É difícil imaginar que a natureza produza algo com total ausência de virtudes capaz de torná-lo por si só detestável, afinal, tudo tem um propósito e uma razão para existir, certo? Bem, talvez nem sempre...
Quando se trata dos fungos da família Phallaceae, também conhecidos como Cogumelos Chifre Fedido (stinkhorn mushrooms), existe apenas um lado: o absolutamente desagradável. Tudo nele, de seu nome, ao seu gosto, passando pela sua aparência e o ciclo de existência, são um testemunho ao horror escatológico.
O stinkhorn geralmente é encontrado aderido a troncos de árvores podres e raízes desterradas, crescendo como uma espécie de tumor esponjoso ou apêndice viscoso de coloração vibrante, sendo vermelho, roxo e laranja suas cores mais frequentes. Ele pode ter diferentes tamanhos, mas alguns agregados podem chegar a 20 ou 30 centímetros de largura e altura, algumas vezes até mais.
A forma dele também chama a atenção e lhe valeu o nome científico Phallus impudicus, algo como Falo sem Pudor. No século XVI, quando foi catalogado pela primeiras vez pelo botânico John Gerard, ele ganhou o apelido de "fungus virilis penis effigie" (ou seja efigie fungóide de penis viril). Isso tudo porque o fungo se assemelha em forma, tamanho e porque não dizer, aspecto geral, ao membro masculino em posição ereta. Observem as fotos e tirem as suas próprias conclusões a respeito.
Mas não é essa a característica mais estranha a respeito do fungo. Se fosse, isso estaria tudo bem, piadas de quinta série à parte... infelizmente há muito mais a respeito dele e estamos apenas começando.
É fácil presumir a existência dessas estruturas fungoides mesmo à distância em seu habitat natural, as florestas tropicais. Antes mesmo de encontrá-los é possível sentir seu cheiro nauseante que se espalha por uma área bastante ampla. Descrito como uma mistura medonha de esterco, esgoto cru e putrefação, o fedor é tão pronunciado que pessoas sensíveis expostas a ele não raramente são acometidas de uma onda de asco e repulsão, tão forte que acabam vomitando ou perdendo a consciência. Há casos de indivíduos desmaiando e sofrendo uma forte reação alérgica que literalmente afeta seu olfato por semanas - ou seja, as pessoas deixam de registrar odores quando expostas a ele.
Não por acaso, esse fedor medonho age como uma espécie de ima para insetos, em especial moscas.
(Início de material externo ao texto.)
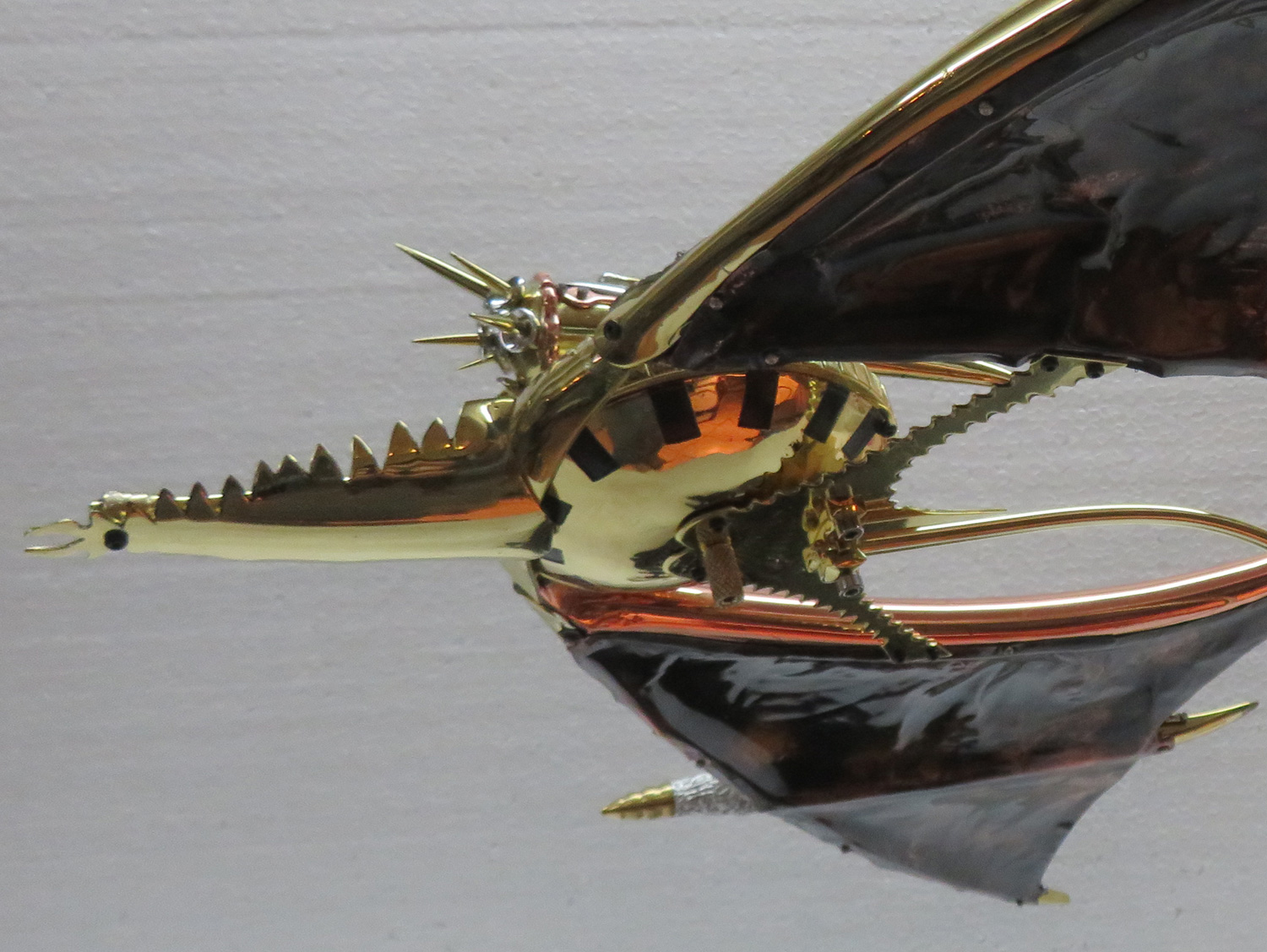 The alien spacecraft sculpture is less about smooth perfection and more about raw, industrial imagination made visible in metal.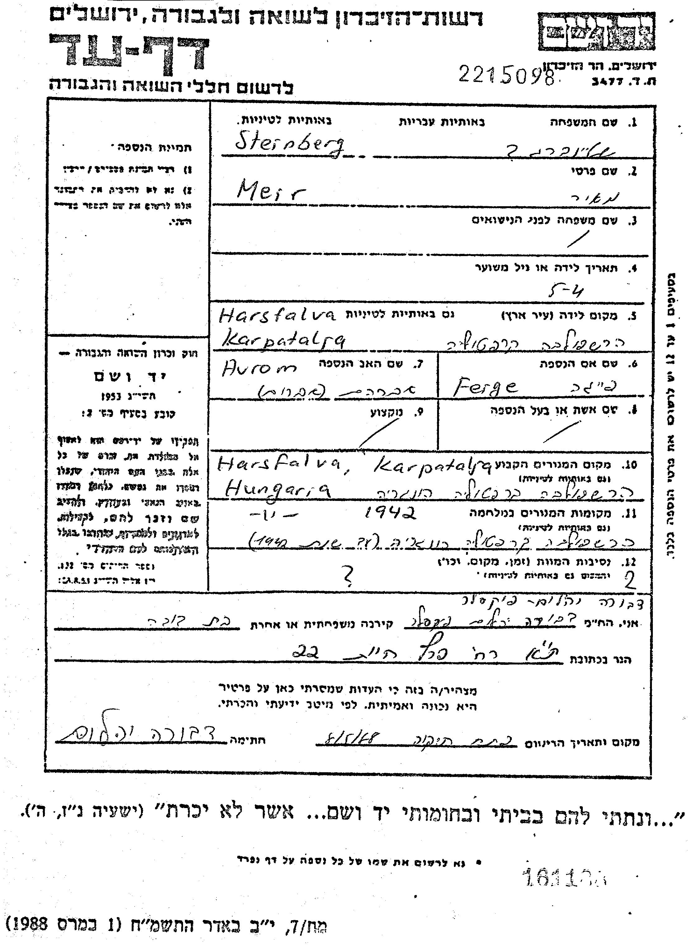 Meir Steinberg wurde in Harsfalva, Tschechoslowakei geboren. Er war der Sohn von Avraham und Feiga, geb. Fixler. Er war Kind. Vor dem Zweiten Weltkrieg lebte er in Harsfalva, Tschechoslowakei. Während des Krieges war er in Harsfalva, Tschechoslowakei.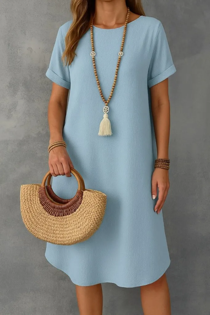 فستان نسائي جينز بياقة على شكل قلب بدون اكمام وتنورة كلوش مزمومة بكسرات، تصميم عملي لاطلالات صيفية يومية.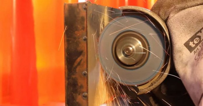 The material is made from a cellular aluminum structure wrapped around ceramic spheres and this has a doubly destructive effect on cutting tools. When cut with an angle grinder or drill, the vibrations created by the ceramic spheres inside the casing blunt the cutting disc or drill bit.

Ao redor de cogumelos chifre fedido proliferam verdadeiras nuvens de moscas, de todos os tamanhos e tipos, em especial blowflies, as nossas varejeiras. O odor do fungo é tão convidativo que afeta as moscas fazendo com que elas se sintam especialmente interessadas em procriar. E como essas diabinhas se multiplicam! Alguma centenas de moscas se tornam milhares em pouco tempo. O ar, saturado pelas emanações repulsivas do cogumelo acaba sendo tomado por milhares de moscas que prenhes e inchadas, zunem e zumbem sem parar, numa cacofonia interminável.
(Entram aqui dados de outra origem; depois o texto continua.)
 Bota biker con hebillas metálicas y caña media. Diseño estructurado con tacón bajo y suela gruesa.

O ponto focal de toda essa atividade é o topo do fungo, uma espécie de cabeça viscosa e nodosa, recoberta de uma substância gotejante chamada gleba. Esta é a fonte do cheiro que para os insetos equivale a amor. As moscas povoam essa pequena porção, rodopiando e pousando sobre ela, carregando consigo os esporos que darão origem a novas estruturas fúngicas. Não por acaso, algumas tribos no Equador apelidavam esses fungos de "pênis de homens mortos", não apenas pela forma e fedor, mas pelo fato dos insetos as procurarem.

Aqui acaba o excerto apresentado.